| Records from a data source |
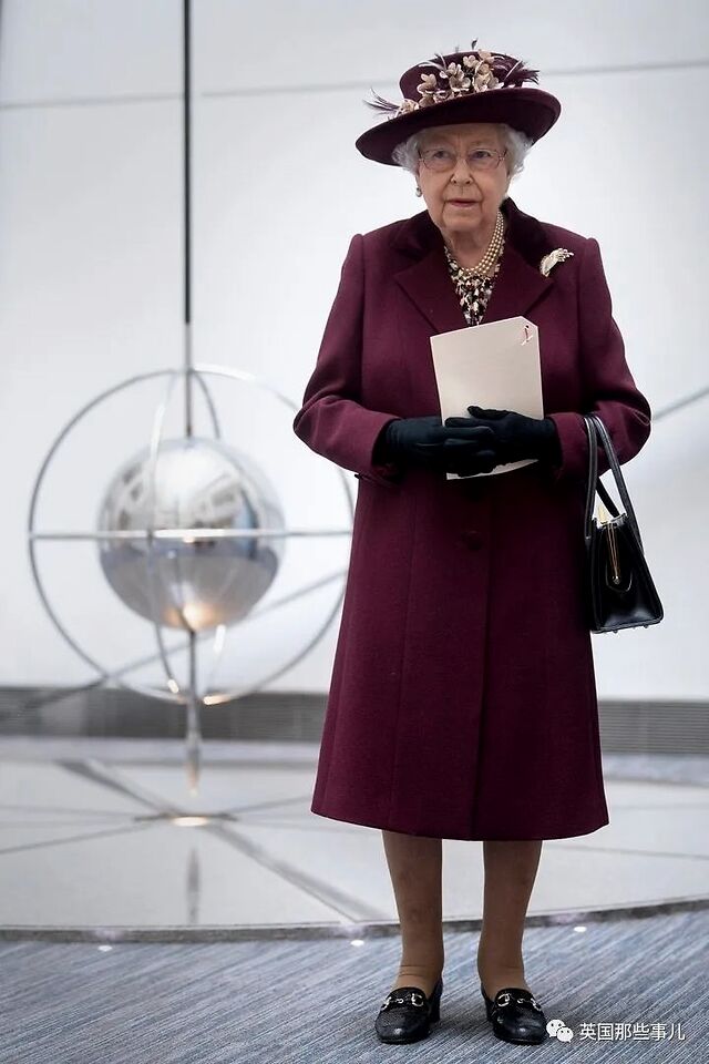 2020年2月25日,女王穿着一身酒红色的礼服,参观了位于伦敦泰晤士宫的军情五处总部。
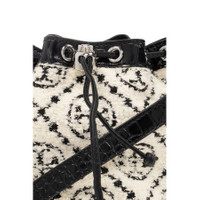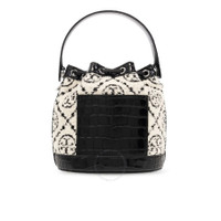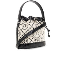 Tory Burch Ladies Bucket Bag. SKU: 152385-001. Color: Black. Size: H: 8.3" x L: 8.3" x D: 4.7". Tory Burch Boucle Monogram Drawstring Bucket Bag. This bucket bag features a microfiber lining with a suede-like finish, a drawstring closure, and a top handle with a 6.1" (15.5cm) drop. It also includes an adjustable, removable crossbody strap with a 21.7" (55cm) drop, one exterior back slit pocket, one interior pocket, and a croc-embossed leather base with protective metal feet. Material: Boucle monogram and croc embossed leather; napa leather trim. GENERAL Size Info: H: 8.3" x L: 8.3" x D: 4.7" Color: Black INFORMATION Brand: Tory Burch Gender: Womens Model: 152385-001 DETAILS Material: Leather, Nappa Leather ADDITIONAL INFO UPC Code: 196133825945 Jomashop Sku: Z-HEEPM Department: Bags Category: Bucket Bag
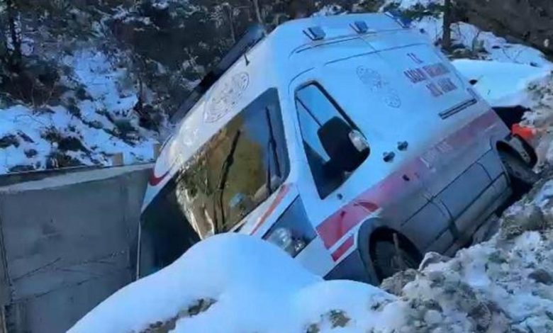 Kaza, gündüz saatlerinde Geçirimoluk Değirmendere mevkisinde meydana geldi. Hasta almaya giden ambulans, yoldaki buzlanma nedeniyle denetimden çıktı.
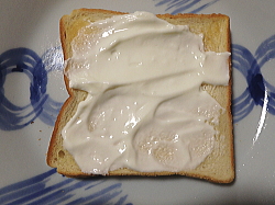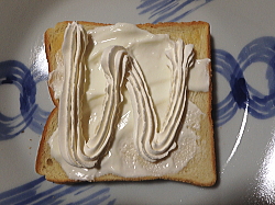 トーストした食パンにヨーグルトを塗ったら、上からホイップクリームを絞ってください。
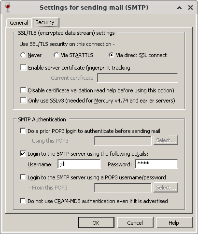 Then tried to send an email to myself, but of course it fails since don't have an account on that system, but the log file shows that it connnected fine. This is a dummy account jill, so password is not a real password..
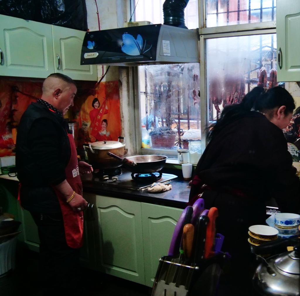 孙建学和妻子索朗巴珍在厨房准备过年餐食(2月9日摄)。新华社记者普布次仁 摄
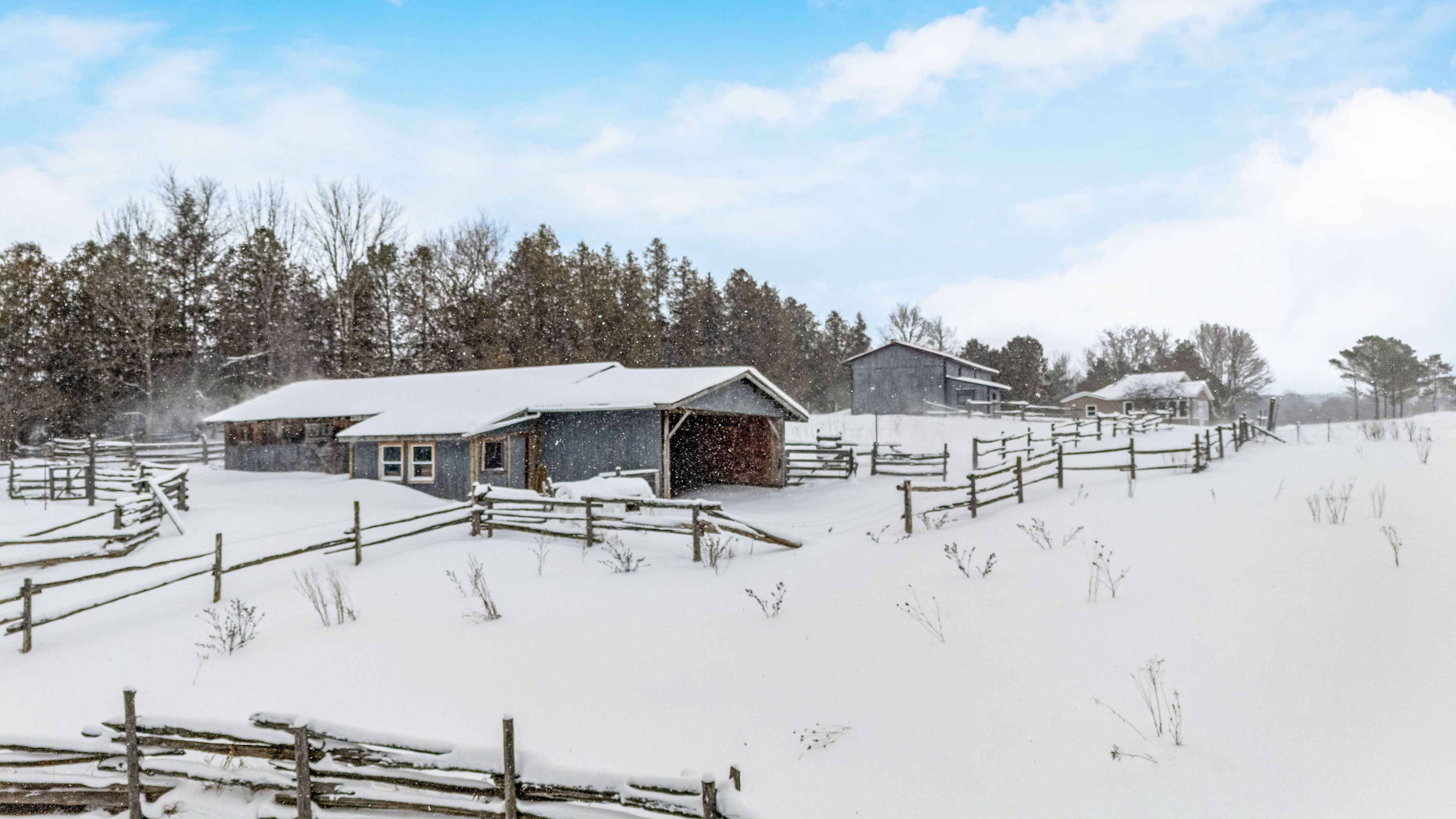 • Large barn and multiple farm outbuildings for various uses.
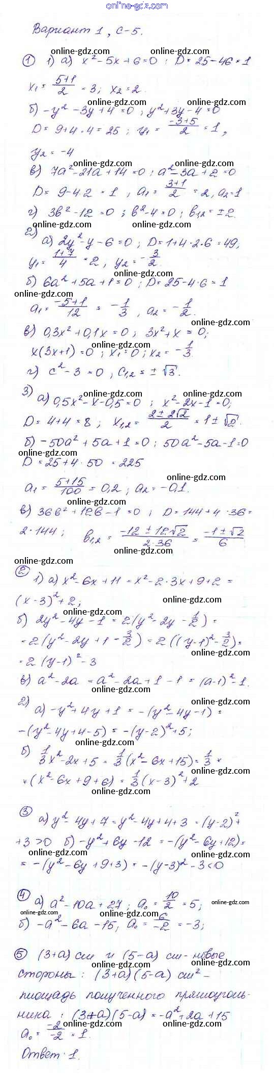 Готовые домашние задания по Алгебре за 9 класс Дидактические материалы Макарычев, Миндюк 2015 - Вариант 1 Самостоятельные работы C-5
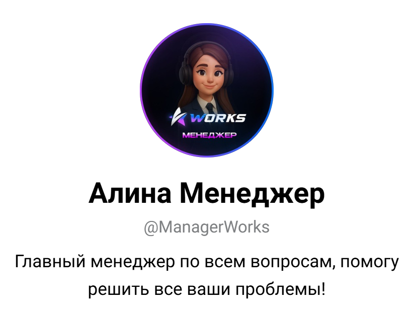 Связь с разработчиками бота поддерживалась через профиль Алина Менеджер. Он доступен по ссылке ManagerWorks. В описании говорится, что специалист помогает в решении всех проблем. По факту связаться с представителем компании не удается.
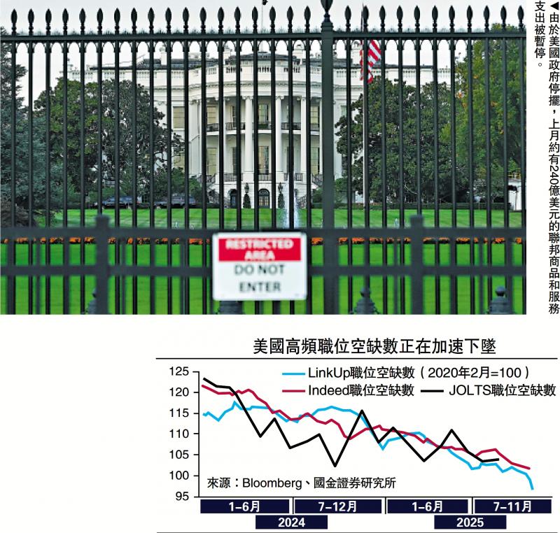 停摆对就业市场造成巨大压力。联邦政府雇员(不含邮政)共计约230万人,其中有75万人被强制无薪休假,另有多达一两百万政府承包商也处于没有收入的状态。对于机场调度员等无法关闭的关键岗位,员工必须无薪工作,处于“手停口停”的困境。这不仅严重打击他们的消费意愿和能力,甚至威胁到公共安全。例如,临近感恩节旅行高峰期,航空压力巨大,但空中交通指挥员无薪上班,已导致近期美国航空问题频频发生,引发广泛担忧。
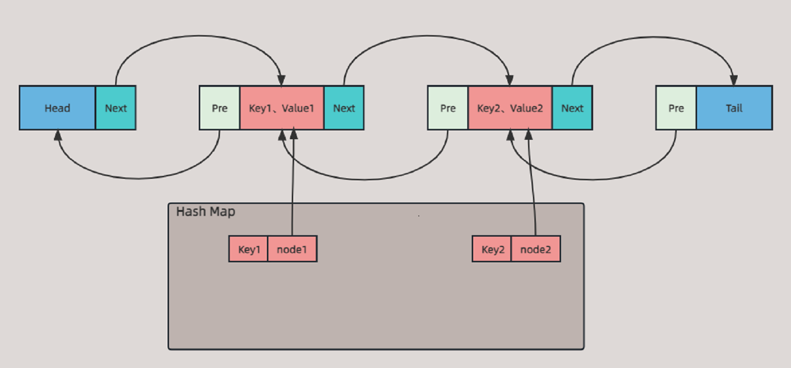 然后上面的 map 的 key 为用户传入的 key,map 的 value 为双链表的中 node,即通过 key 来获取链表中的 node,node 里存有用户传的 value
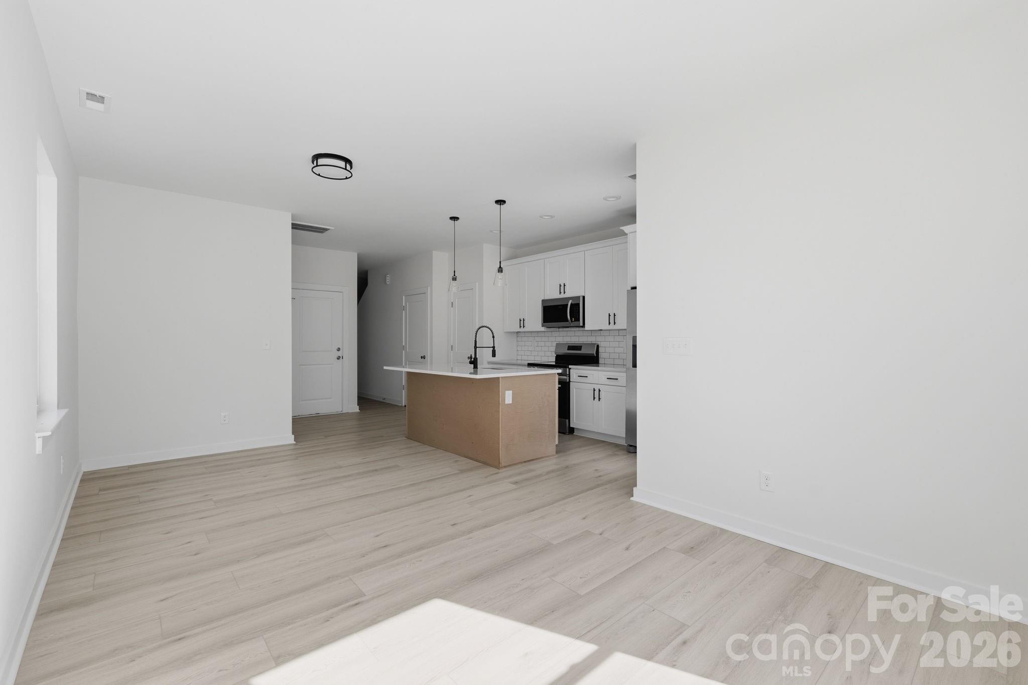 Inside, the home features durable LVP flooring throughout (NO CARPET), Level 3 quartz countertops, custom lighting and fixtures, and a bright open layout designed for comfortable everyday living and entertaining. The kitchen includes a full stainless steel appliance package (including refrigerator and microwave), spacious pantry, crisp subway tile backsplash, abundant cabinetry, and a large island ideal for cooking and entertaining.
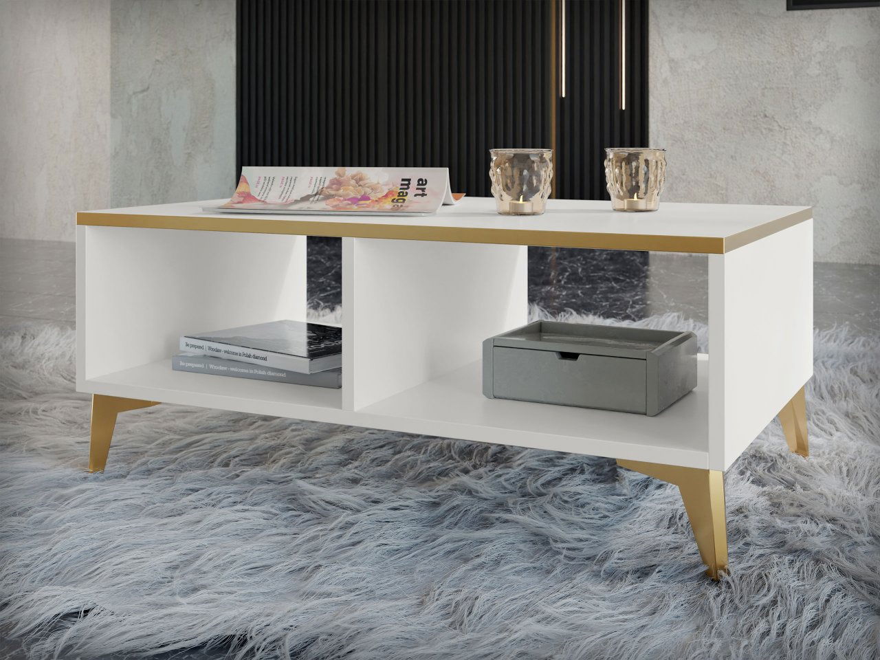 Konferenční stolek Opuncie (bílá + bílá lesklá + zlatá)
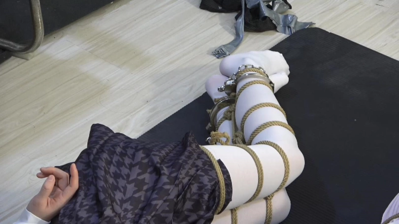 富豪捆绑宋伊雪,然后便离开了,留下两个被困成粽子一样的美女独自挣扎
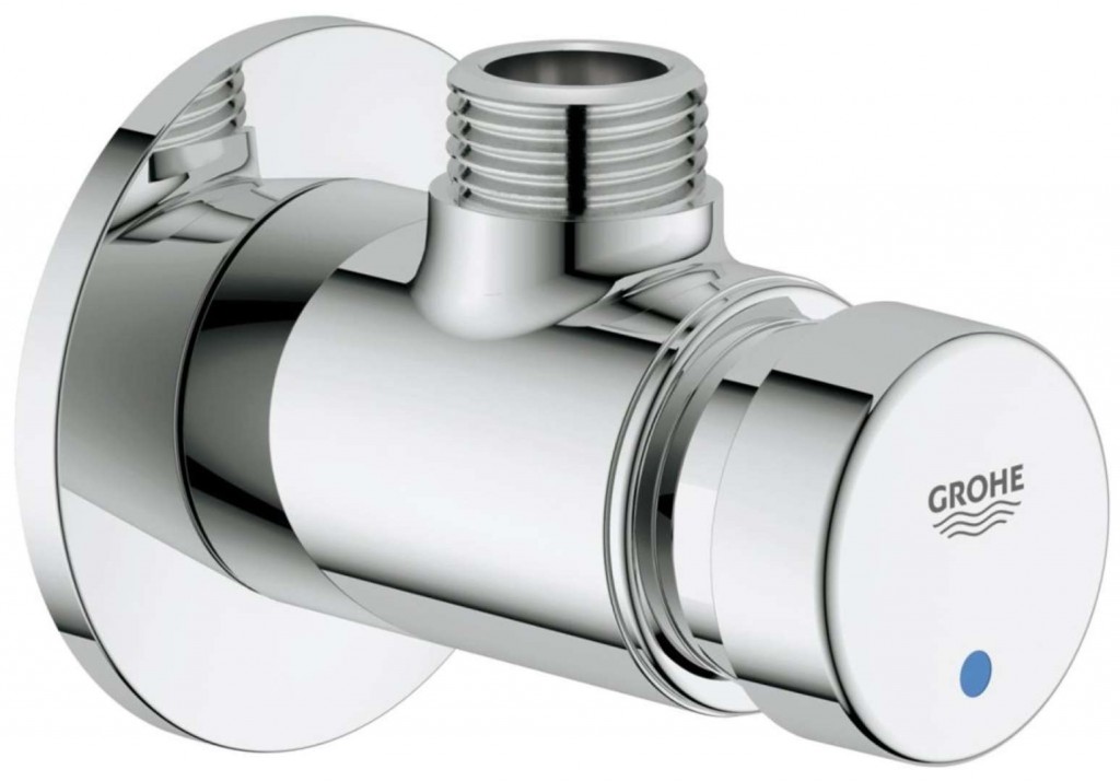 Euroeco Cosmopolitan TSamouzávěrný sprchový ventil, DN 15 montáž na omítku pro studenou nebo předem smíšenou vodu označení modrá/červená GROHE StarLight chromový povrch 3 nastavení času: krátký - střední - dlouhý (tovární nastavení: krátký), cca 7, 15, 30 sec (v závislosti na tlaku) rozeta minimální tlak 1,0 bar
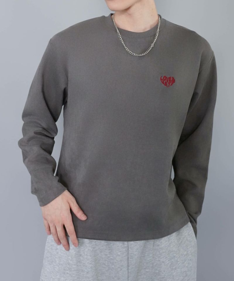 短丈フェイクスエードワンポイントスウェット/ワンポイントハート/ショート丈

| Exercise instructions |
Beginning with the line with "Inside, the home", repeat the entries above exactly, up to and including the last line, leaving out pictures.

| Response box |
 Inside, the home features durable LVP flooring throughout (NO CARPET), Level 3 quartz countertops, custom lighting and fixtures, and a bright open layout designed for comfortable everyday living and entertaining. The kitchen includes a full stainless steel appliance package (including refrigerator and microwave), spacious pantry, crisp subway tile backsplash, abundant cabinetry, and a large island ideal for cooking and entertaining.
 Konferenční stolek Opuncie (bílá + bílá lesklá + zlatá)
 富豪捆绑宋伊雪,然后便离开了,留下两个被困成粽子一样的美女独自挣扎
 Euroeco Cosmopolitan TSamouzávěrný sprchový ventil, DN 15 montáž na omítku pro studenou nebo předem smíšenou vodu označení modrá/červená GROHE StarLight chromový povrch 3 nastavení času: krátký - střední - dlouhý (tovární nastavení: krátký), cca 7, 15, 30 sec (v závislosti na tlaku) rozeta minimální tlak 1,0 bar
 短丈フェイクスエードワンポイントスウェット/ワンポイントハート/ショート丈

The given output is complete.